* [DATA FOR THIS EXERCISE]:
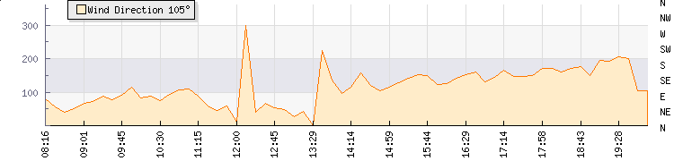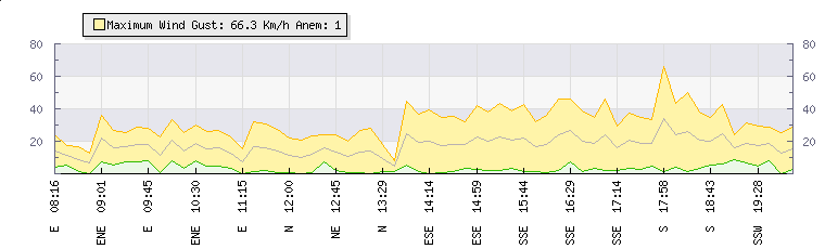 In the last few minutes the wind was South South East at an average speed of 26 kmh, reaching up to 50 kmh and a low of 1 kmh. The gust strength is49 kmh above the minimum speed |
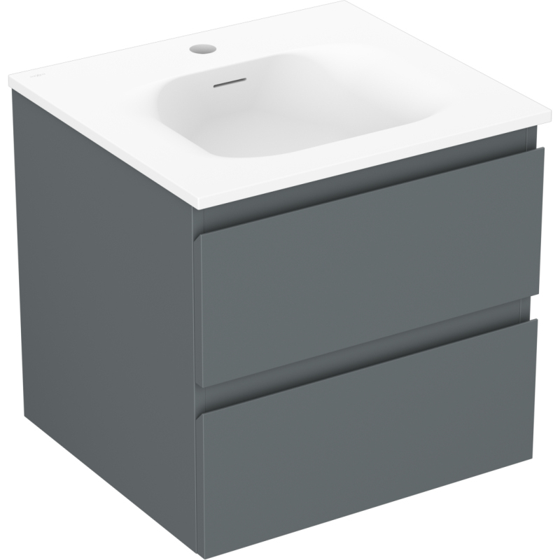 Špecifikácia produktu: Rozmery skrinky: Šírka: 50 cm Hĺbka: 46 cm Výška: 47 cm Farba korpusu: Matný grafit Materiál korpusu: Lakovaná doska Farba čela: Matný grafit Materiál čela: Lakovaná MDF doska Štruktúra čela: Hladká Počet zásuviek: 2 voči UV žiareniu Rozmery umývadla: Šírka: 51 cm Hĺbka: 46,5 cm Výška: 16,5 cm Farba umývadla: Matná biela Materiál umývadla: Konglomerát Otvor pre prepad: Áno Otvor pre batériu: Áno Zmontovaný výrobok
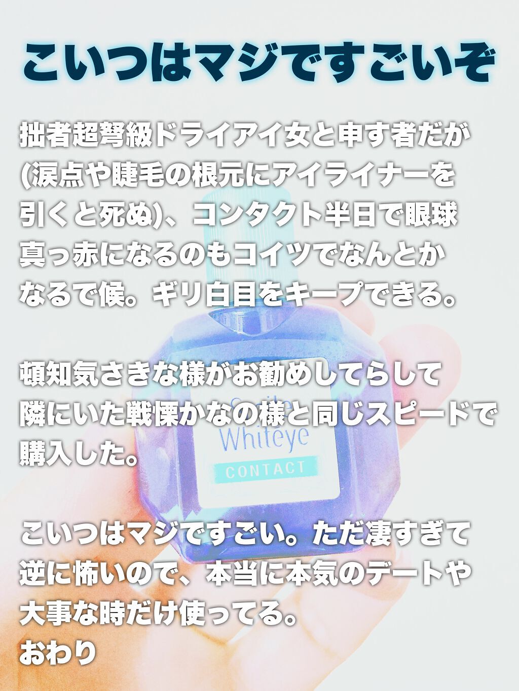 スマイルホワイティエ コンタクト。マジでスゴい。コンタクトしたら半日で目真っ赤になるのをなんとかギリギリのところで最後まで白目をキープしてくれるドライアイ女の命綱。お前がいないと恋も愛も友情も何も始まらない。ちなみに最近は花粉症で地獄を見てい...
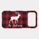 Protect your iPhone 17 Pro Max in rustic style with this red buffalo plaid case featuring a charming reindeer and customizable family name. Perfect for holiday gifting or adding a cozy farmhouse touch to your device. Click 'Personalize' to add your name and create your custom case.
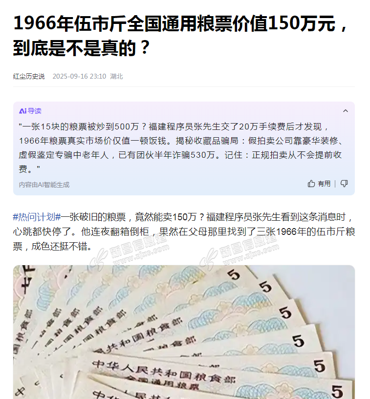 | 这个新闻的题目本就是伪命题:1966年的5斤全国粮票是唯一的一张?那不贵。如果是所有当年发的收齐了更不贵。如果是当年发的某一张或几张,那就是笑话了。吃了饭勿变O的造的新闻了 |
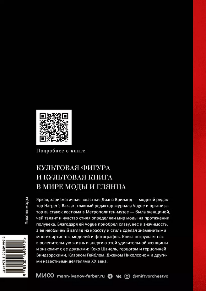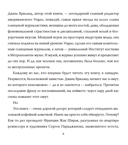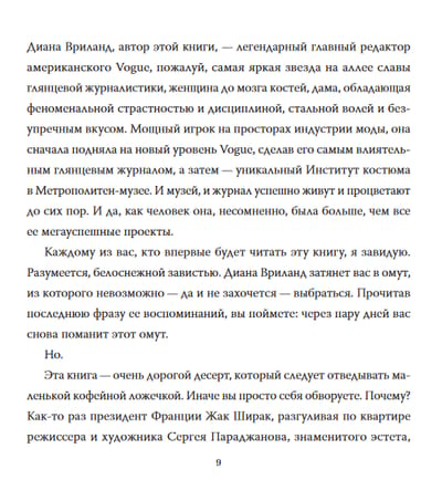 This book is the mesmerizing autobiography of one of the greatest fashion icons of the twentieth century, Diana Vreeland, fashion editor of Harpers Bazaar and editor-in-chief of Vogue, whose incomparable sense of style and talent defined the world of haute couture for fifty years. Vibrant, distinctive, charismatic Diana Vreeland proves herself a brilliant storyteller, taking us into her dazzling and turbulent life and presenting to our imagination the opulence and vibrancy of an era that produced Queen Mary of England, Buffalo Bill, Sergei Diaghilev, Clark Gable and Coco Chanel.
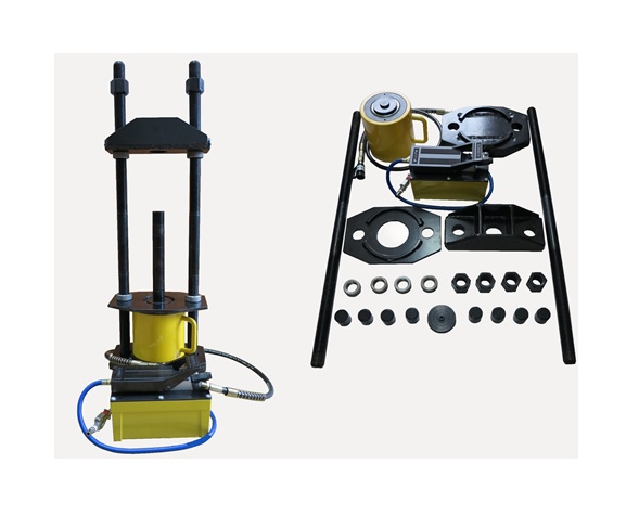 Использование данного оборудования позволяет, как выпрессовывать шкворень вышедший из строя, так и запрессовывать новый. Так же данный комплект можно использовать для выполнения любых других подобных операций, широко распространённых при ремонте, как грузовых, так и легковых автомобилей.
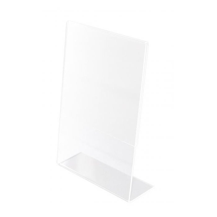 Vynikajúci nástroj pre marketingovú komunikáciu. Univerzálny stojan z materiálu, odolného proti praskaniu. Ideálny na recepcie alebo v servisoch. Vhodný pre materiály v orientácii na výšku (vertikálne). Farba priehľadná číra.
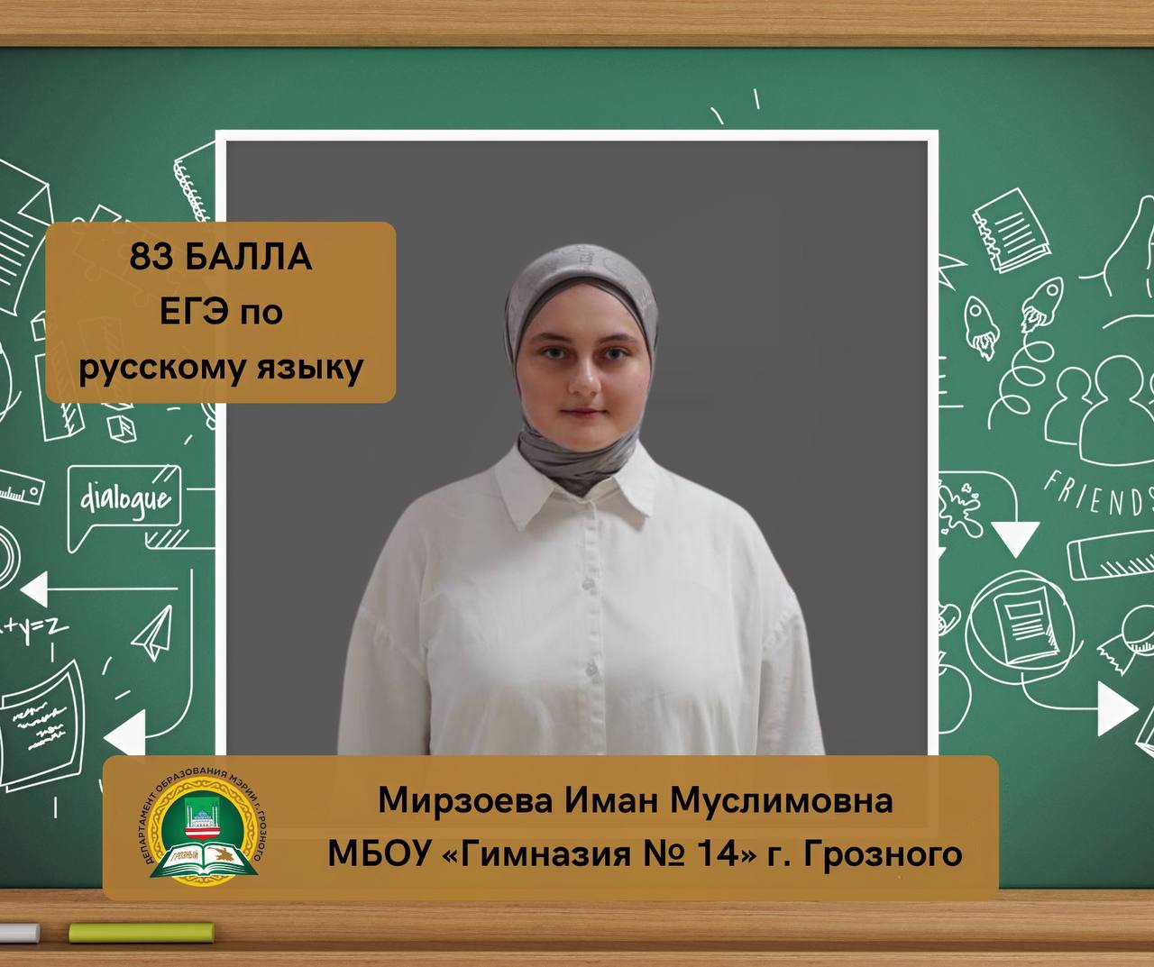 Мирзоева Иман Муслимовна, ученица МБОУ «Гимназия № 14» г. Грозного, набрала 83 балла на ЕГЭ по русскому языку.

---

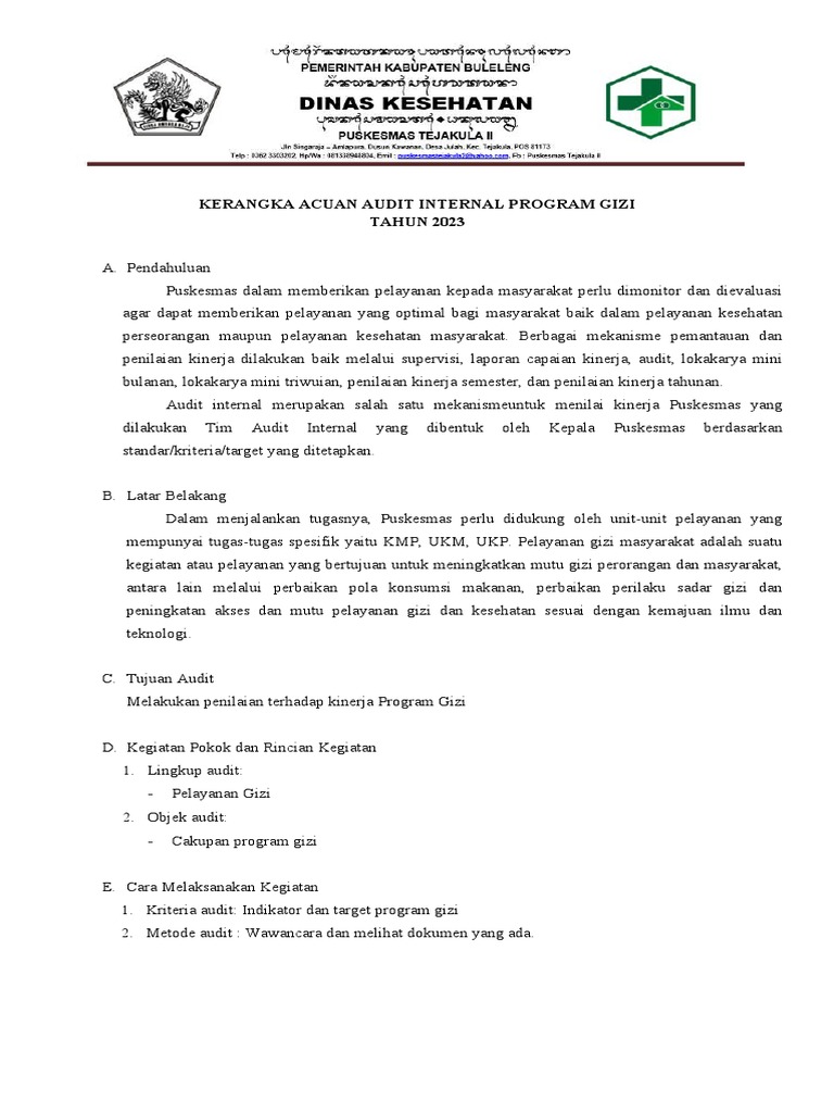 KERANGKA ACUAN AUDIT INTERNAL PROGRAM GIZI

...

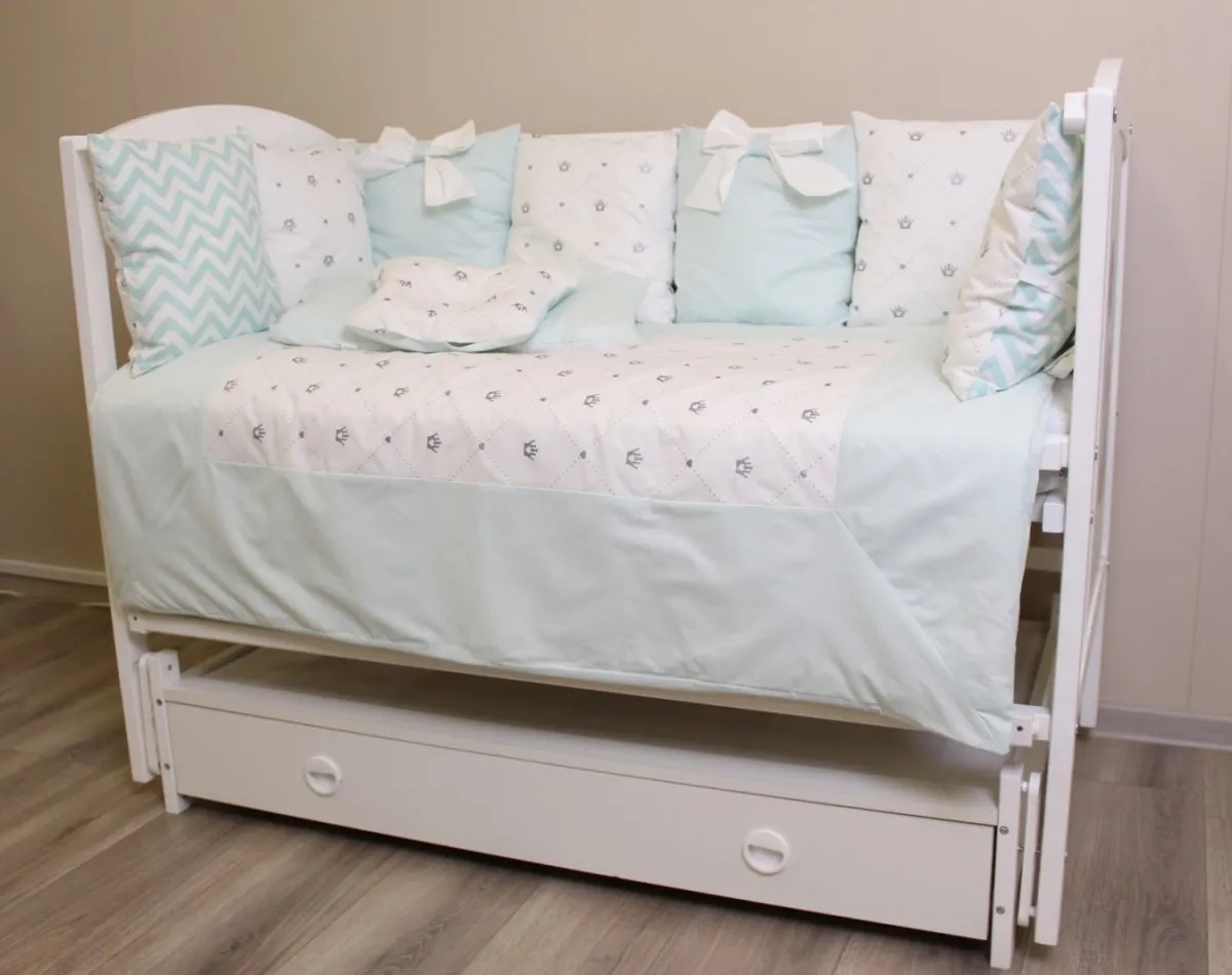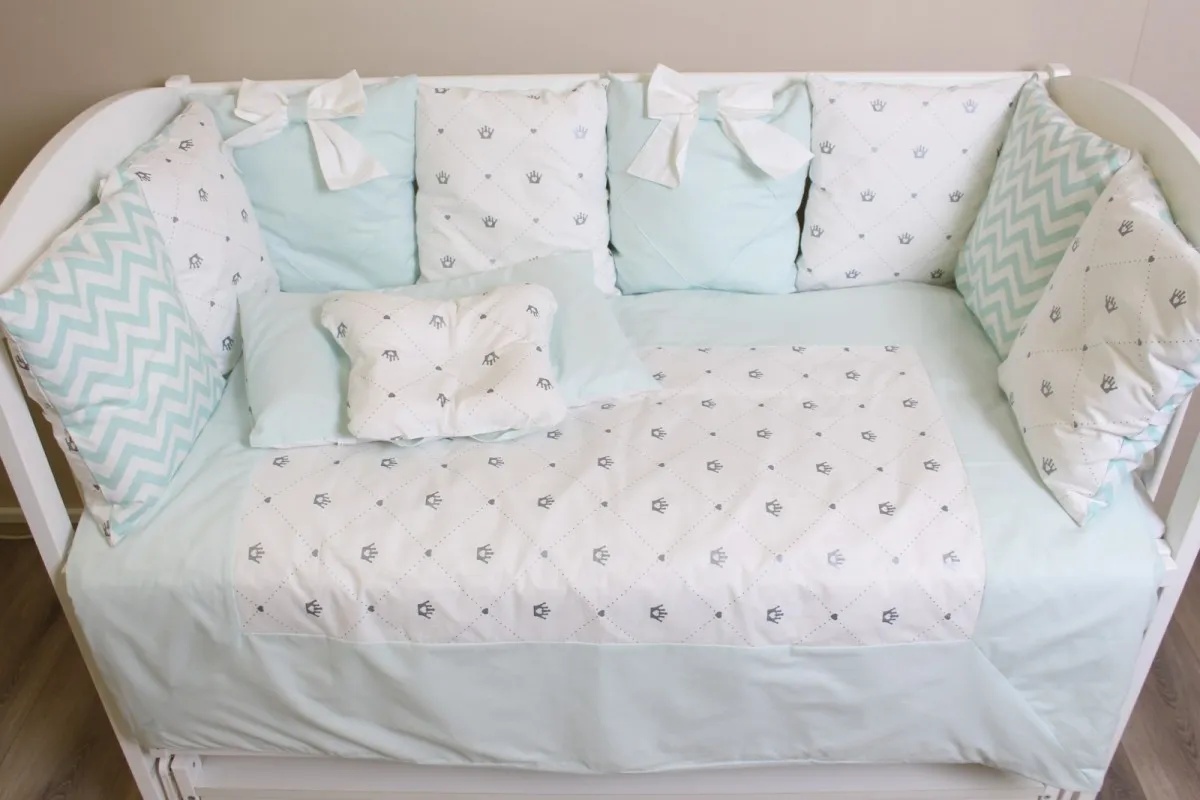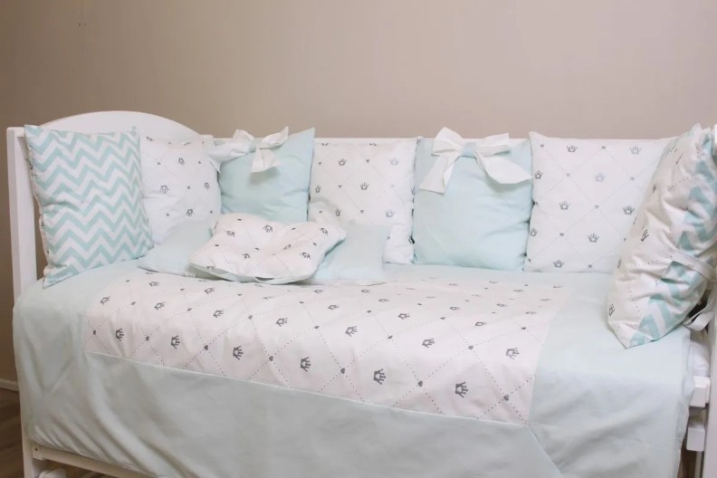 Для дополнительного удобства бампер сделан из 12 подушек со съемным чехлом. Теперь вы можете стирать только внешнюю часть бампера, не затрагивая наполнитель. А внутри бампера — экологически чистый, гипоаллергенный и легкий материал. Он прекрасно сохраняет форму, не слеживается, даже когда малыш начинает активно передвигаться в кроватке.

* [TASK STATEMENT]: Reproduce the entries exactly, from the line with "Использование данного оборудования" to the line with "Мирзоева Иман Муслимовна, ученица", both lines included, keeping no pictures.

* [EXERCISE OUTPUT]:
 Использование данного оборудования позволяет, как выпрессовывать шкворень вышедший из строя, так и запрессовывать новый. Так же данный комплект можно использовать для выполнения любых других подобных операций, широко распространённых при ремонте, как грузовых, так и легковых автомобилей.
 Vynikajúci nástroj pre marketingovú komunikáciu. Univerzálny stojan z materiálu, odolného proti praskaniu. Ideálny na recepcie alebo v servisoch. Vhodný pre materiály v orientácii na výšku (vertikálne). Farba priehľadná číra.
 Мирзоева Иман Муслимовна, ученица МБОУ «Гимназия № 14» г. Грозного, набрала 83 балла на ЕГЭ по русскому языку.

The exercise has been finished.